Changes in the behavior of Bumblebee’s servers that occurred around June 2022 indicate that the attackers may have shifted their focus from extensive testing of their malware to reach as many victims as possible.
Although the threat contains a field called group_name, it may not be a good indicator for clustering-related activity: samples with different group_name values have been exhibiting similar behavior, which may indicate a single actor operating many group_names. The same is not true for encryption keys: different encryption keys generally imply different behavior, as expected.
Bumblebee payloads vary greatly based on the type of victim. Infected standalone computers will likely be hit with banking trojans or infostealers, whereas organizational networks can expect to be hit with more advanced post-exploitation tools such as CobaltStrike.
The Bumblebee loader usually comes in the form of a DLL-like binary packed with a custom packer. The method by which this DLL is delivered seems to be subject to change on the whims of the threat’s adventurous developers: while the prevailing method is to embed the packed DLL directly inside another file (usually an ISO), during a short stint in June the malware’s operators experimented with using VHD files that executed PowerShell downloading and decrypting the packed DLL itself (packed with a very different packer), as documented by Deep Instinct. This trend seems to have died out and now the DLL can be found directly embedded in the 1st-stage file again, whether an ISO or a VHD.
Once unpacked, Bumblebee will perform checks to avoid being executed in sandboxing or analyst environments; most of the code responsible for this is open source, lifted directly from the Al-Khaser project. If these checks pass, Bumblebee proceeds to load its configuration into memory. This is done by loading four pointers from its .data section which point to four different buffers in a contiguous encrypted configuration struct. The first of these points to an 80-byte section that stores an RC4 ascii key (much shorter in all cases we’ve observed). The other three pointers point to two 80-byte sections and a 1024-byte section, all of which contain data that is then decrypted using the above-mentioned RC4 key.

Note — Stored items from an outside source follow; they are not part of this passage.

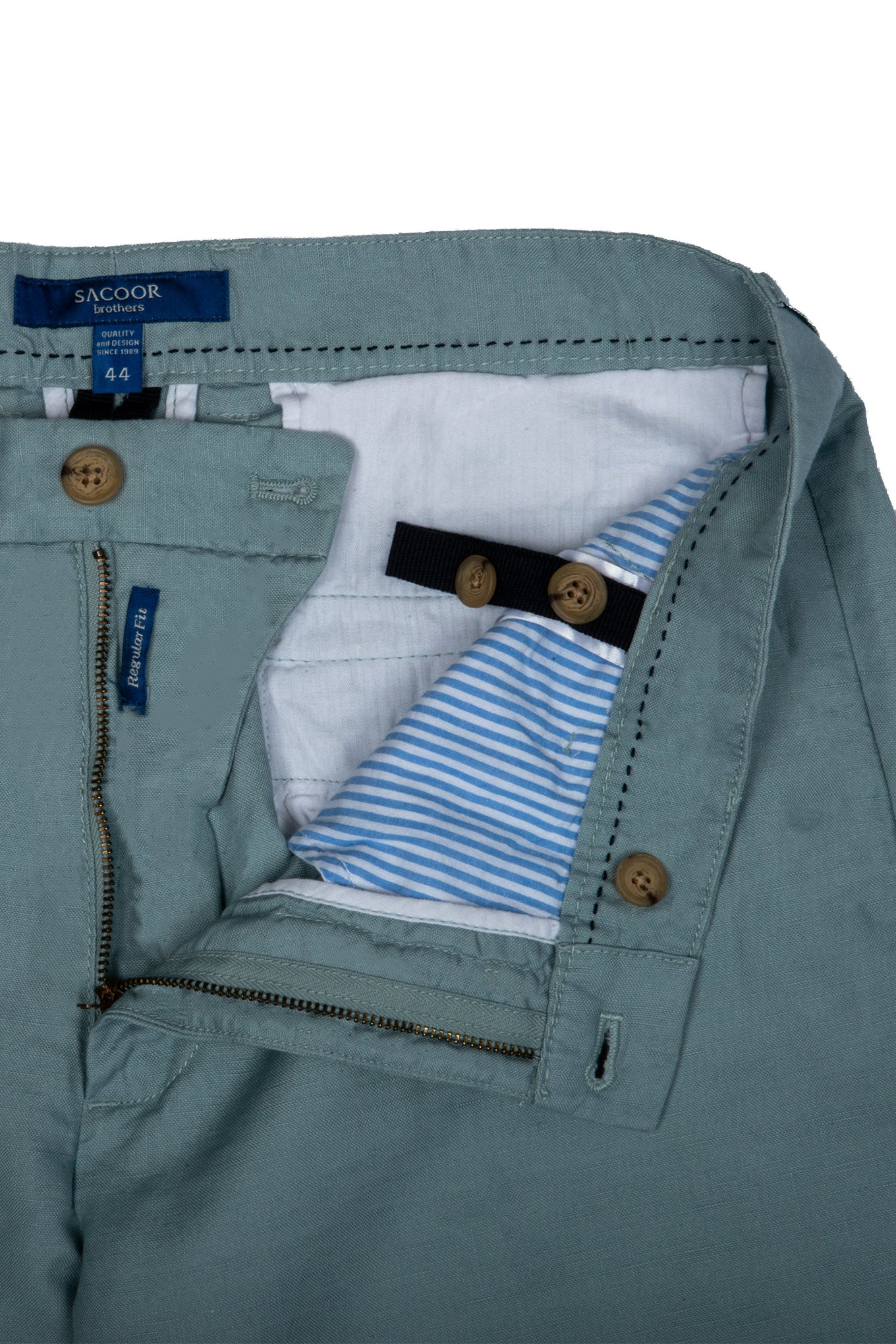 Made to feel luxurious and comfortable, our Men's Regular Fit Casual Chino Trousers are made of 66% Linen, 32% Cotton, and 2% Spandex.
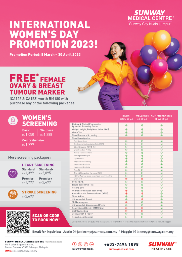 As we are celebrating International Women’s Day, we believe in empowering women to take control of their health and well-being. That’s why, at Sunway Medical Centre, we’re offering comprehensive health screening packages to help you stay healthy and risk-free. By taking care of yourself, you’re also taking care of the people you love. So, let us help you prioritize your health this International Women’s Day.
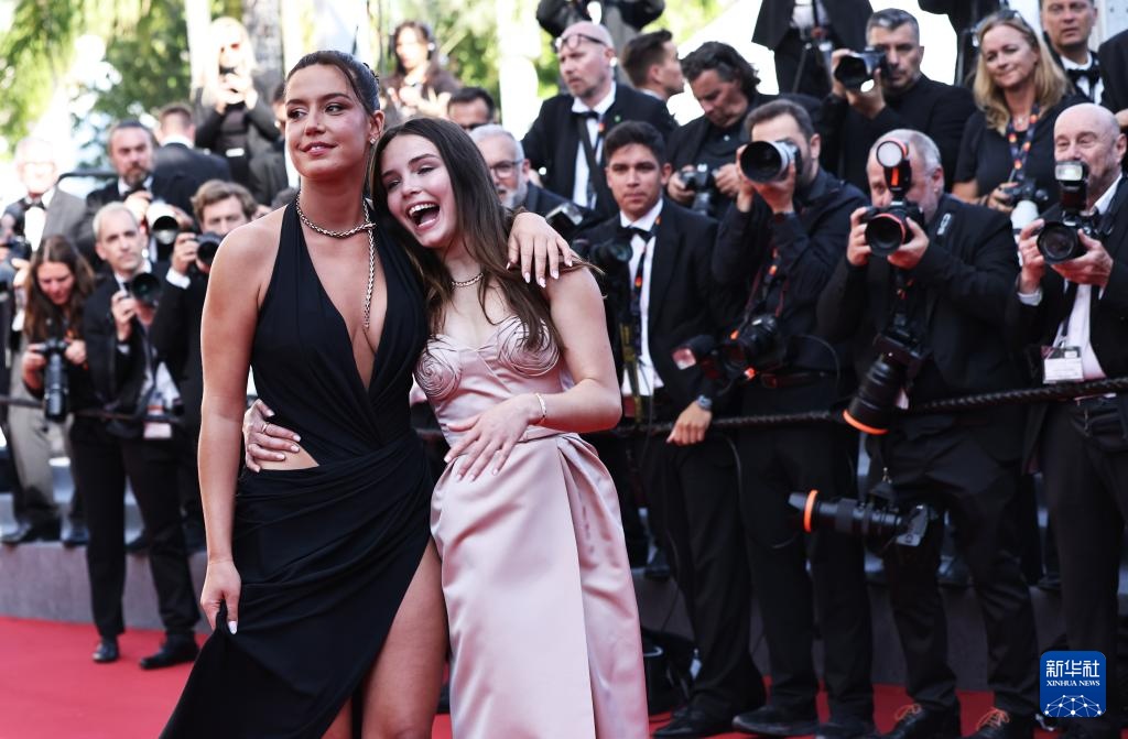5月23日,在法国南部小城戛纳举行的第77届戛纳国际电影节上,主竞赛单元影片《狂爱》的主演阿黛尔·埃克萨霍普洛斯(左)和马洛丽·瓦奈斯克踏上首映式红毯。
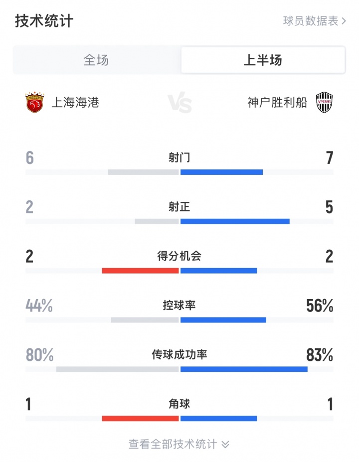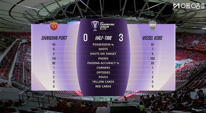 半场数据:神户7次射门5次射正进3球,海港6射2正错失2次得分机会
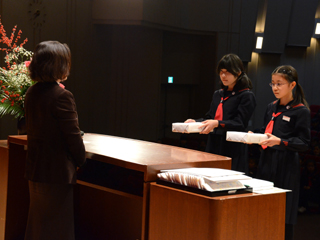 今月は、1年生(どうぶつとなかよし)と3年生(我が家のシーサー)の図画コンクール、学園祭プログラム表紙絵入賞者の表彰を行いました。 |
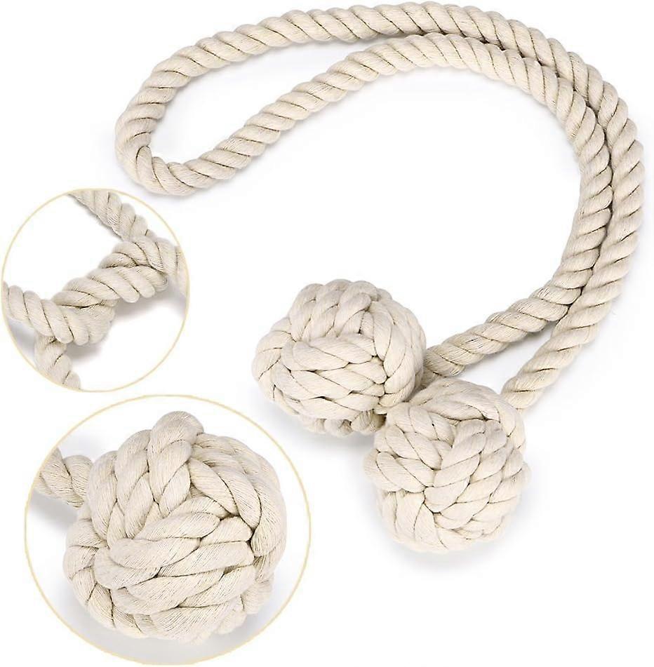 2 Curtain Tiebacks with 2 Cotton Balls, Eco-Friendly Rope Knit Cotton Yarn Curtain, Natural and Simple Style, Decoration for Room or Bedroom (Beige) B
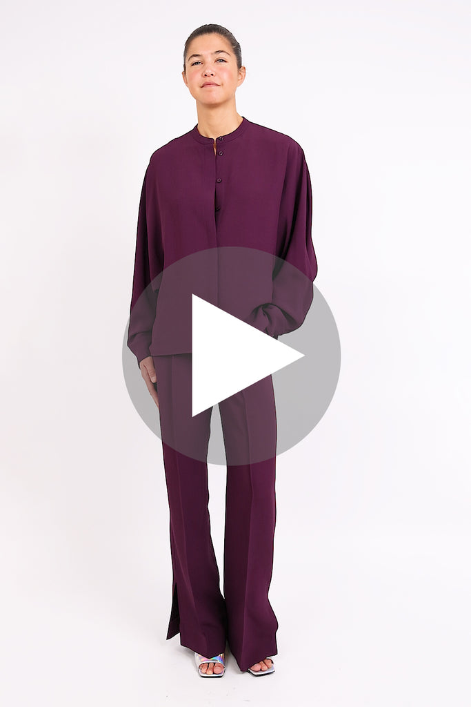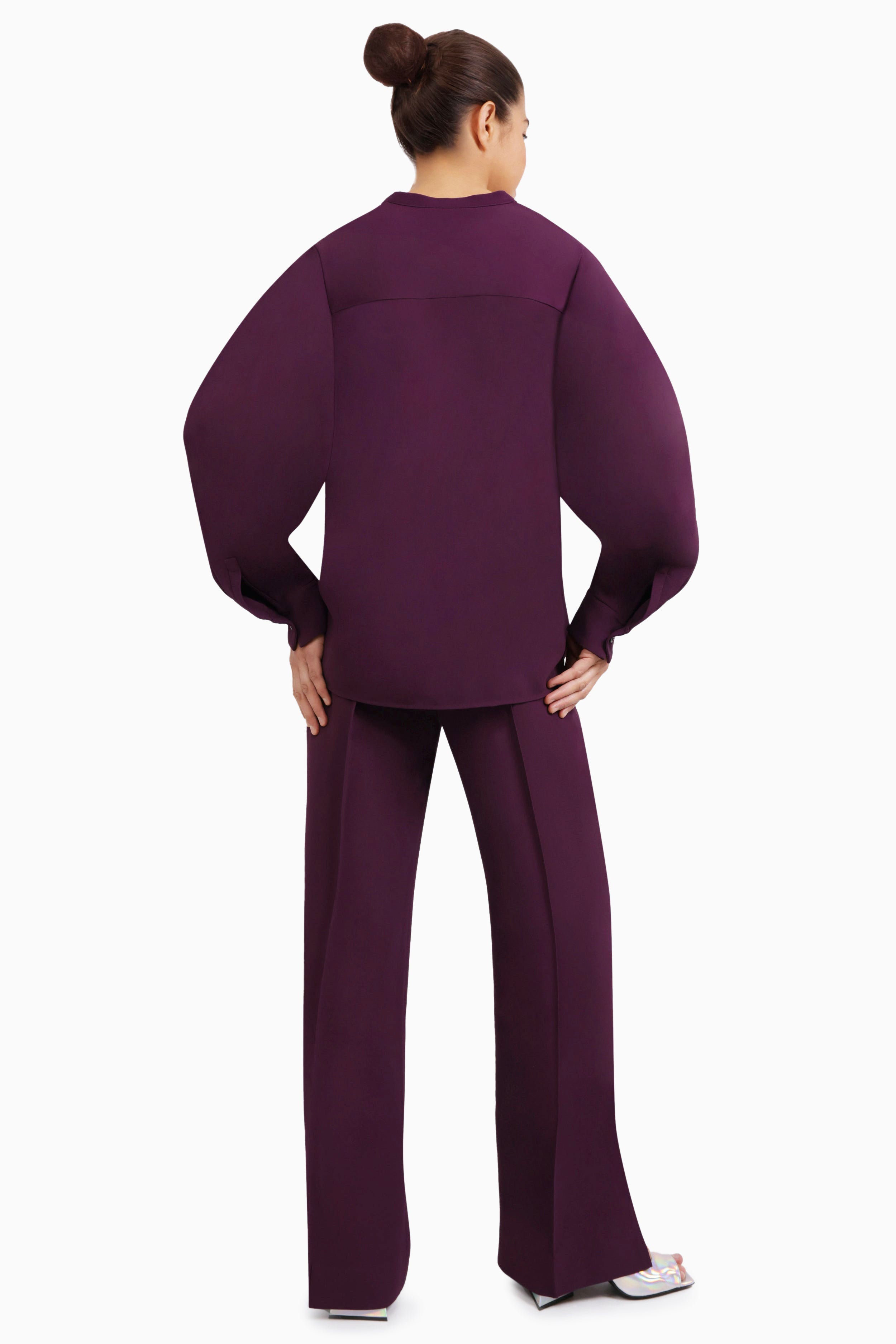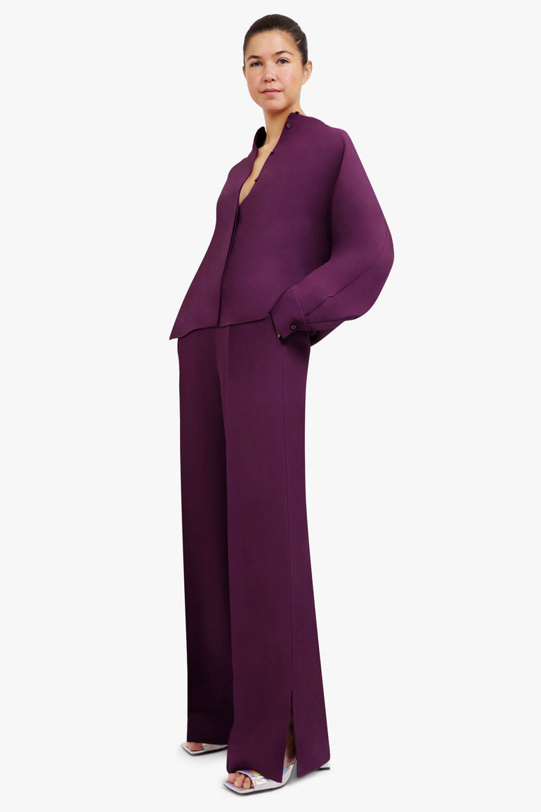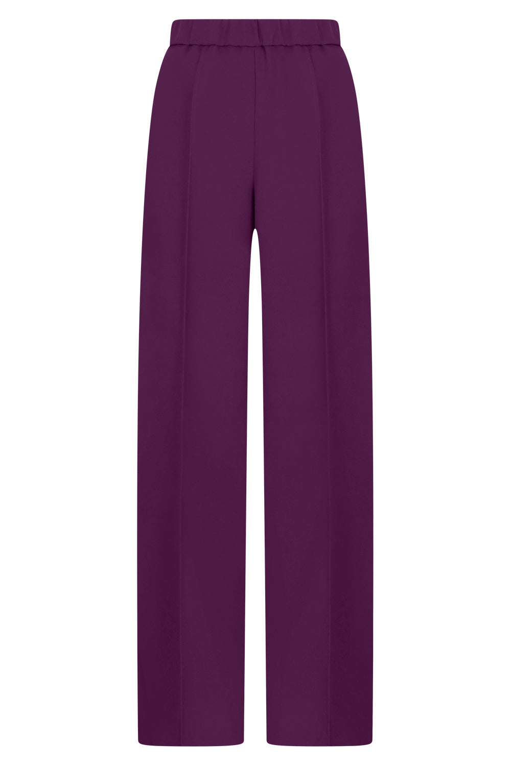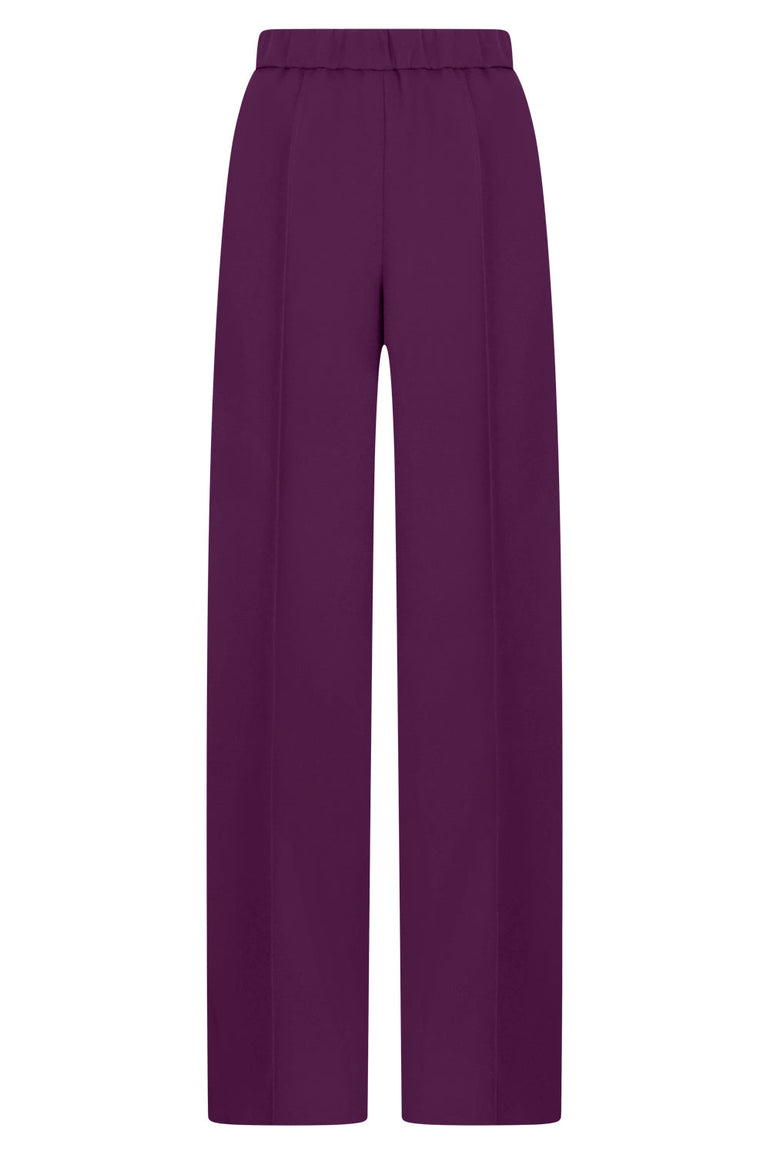 Relaxed Wine Track Inspired Relaxed Pant With Drawstring Gathered Waist And Pin Tucks At Centre Leg And Slits Ham.
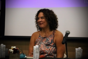 Joseph then took to the stage to address the audience of fellow professors, students, alumni, and Los Angeles community members. She called her work “theoretical as well as very personal.” She then described the racial dialoguing program that she led in the fall of 2016 that eventually inspired Racial Exhaustion.
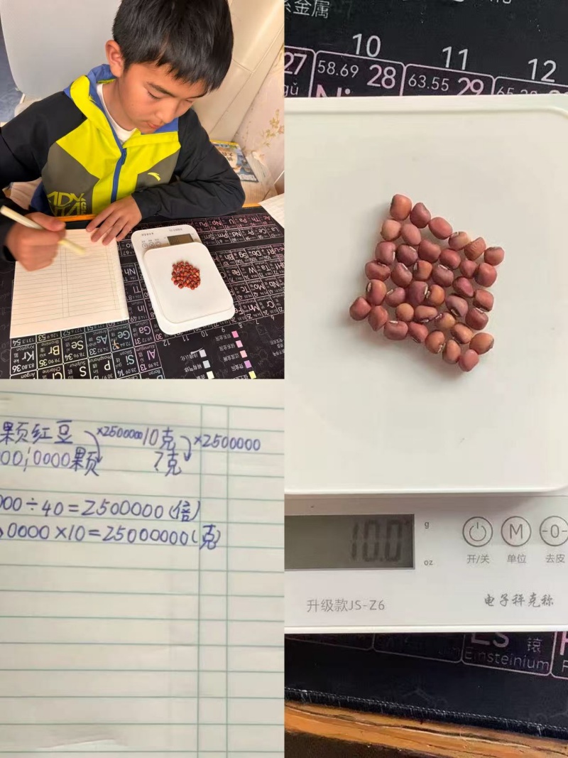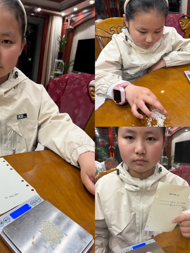 活动过程中,同学们化身小小数学家,分工协作、有条不紊。大家先通过数一数、量一量、称一称、算一算的方式,精准测量出10张纸、100粒米、1枚硬币的基础数据,再通过严谨的数学推算,一步步得出一亿张纸的厚度、一亿粒米的重量、一亿枚硬币叠放的高度。
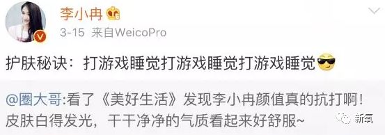 这不,好消息来了,前几天李小冉就在微博分享了自己的护肤秘诀:打游戏睡觉打游戏睡觉···
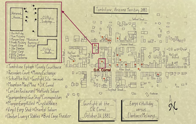 Localización de O.K. Corral y del lugar real del tiroteo en un mapa de Tombstone. También se muestra, en el recuadro superior, la situación de los participantes al inicio del duelo.
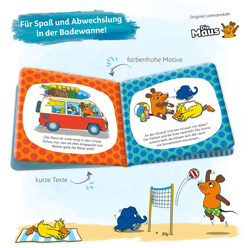 In der Badewanne Planschen macht Spaß erst recht mit der Maus und ihren Freunden! Dieses Badebuch mit 8 fröhlich-bunten Seiten ist nicht nur toll für kleine Wassermäuse, es ist auch eine prima Hilfe, um kleine Maus-Fans spielerisch zum Baden zu motivieren. Kla...
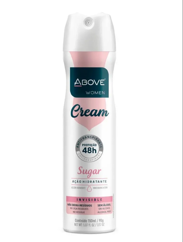 O Desodorante Aerosol Above Cream Sugar Women 150ml foi especialmente desenvolvido para fornecer proteção eficaz contra o odor e a transpiração durante todo o dia. Sua fórmula avançada combina ingredientes cuidadosamente selecionados para garantir frescor e confiança duradoura. Possui fórmula enriquecida com ativos que proporcionam não apenas uma proteção contra o mal odor causado pelo suor, mas também uma hidratação para pele das axilas e maior conforto durante o uso.
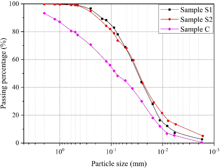土壤样品在110◦C的烤箱中干燥12小时后被压碎。然后使用标准筛子和密度计确定土壤样本的PSD。三种土壤样本的PSD曲线如下图所示。在PSD测量之后,使用DX-2700 X射线衍射仪对样品进行分析,以确定土壤样品的矿物成分。
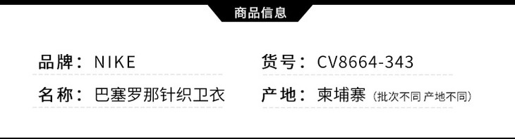 NIKE/耐克 FCB 巴萨连帽套头卫衣CV8664343

Once decrypted, the first 80-byte buffer in most of the samples to date has simply contained the number “444”; the malware makes no use of this number so its significance is not clear. The second buffer contains an ASCII code which is called group_name by the malware. Finally, the 1024-byte block contains a list of command and control servers (most of them are usually fake).
Bumblebee computes a machine-specific pseudorandom victim ID (internally named client_id) via the usual method of concatenating some immutable machine parameters (in this case, machine name and GUUID) and then calculating a hash of the result (in this case, an MD5 digest).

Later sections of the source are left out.